Quanto à rede, a TAP foi forçada a eliminar “as rotas cronicamente deficitárias” no espaço europeu, com um corte de 9,5% na oferta, assim como a abandonar todas as frequências para a América do Norte, à excepção de Nova Iorque, lê-se no jornal oficial. Até porque a frota da companhia teve de ser ajustada, já que uma das medidas do plano passava por eliminar seis dos 38 aviões. Qualquer reestruturação que ocorresse agora teria, naturalmente, um impacto muito maior, visto que a operação da empresa cresceu significativamente nos últimos anos, seja em número de destinos ou de aviões, que hoje são já 75.

A Comissão Europeia também impôs uma série de metas quantitativas em termos de resultados do grupo, obrigando nomeadamente a que atingisse capitais próprios positivos e lucro operacional (algo que está muito longe da realidade actual, uma vez que o primeiro indicador está negativo em mais de 500 milhões de euros e o segundo caiu para prejuízos de 6,5 milhões em 2014). Finda a reestruturação, Bruxelas fazia uma outra exigência importante: que Portugal iniciasse, em 1997, “o processo de privatização parcial do capital da TAP”.

A venda foi tentada, no final da década de 90, tendo chegado a ser assinado um acordo para a alienação de 35% do capital da companhia à Swissair. Mas o negócio não se concretizou e o parceiro estratégico, como na altura era descrito, acabou por encerrar portas.
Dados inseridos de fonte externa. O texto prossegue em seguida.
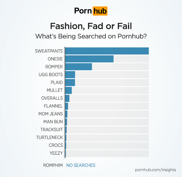Could it be that RompHims are so un-sexy that absolutely no one will dare to search Pornhub? Maybe Pornhub’s users are just too fashion savvy? So our statisticians dug a bit deeper, and discovered that there are many questionable fashions — including the original Romper for women — that do garner searches on Pornhub.
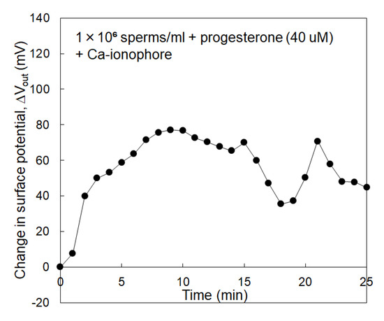 Change in surface potential of sperm-cultured gate ISFET sensor. A total of 1 × 106 /mL of spermatozoa were added to the measurement medium at 0 h, which included 40 μM of progesterone and 10 μM of Ca ionophore.

Em 2012 houve nova tentativa, que fracassou com a rejeição da oferta de Germán Efromovich, tendo o processo sido relançado pelo actual Governo, que na próxima semana decide se a TAP fica ou sai das mãos do Estado.

Se se mantiver na esfera pública, tornar-se-á incontornável a injecção de dinheiro público e, consequentemente, uma reestruturação que terá de passar pelo crivo de Bruxelas. E, a julgar pelas decisões que têm sido tomadas, como a que recentemente implicou cortes profundos na polaca Lot, a TAP jamais será a mesma.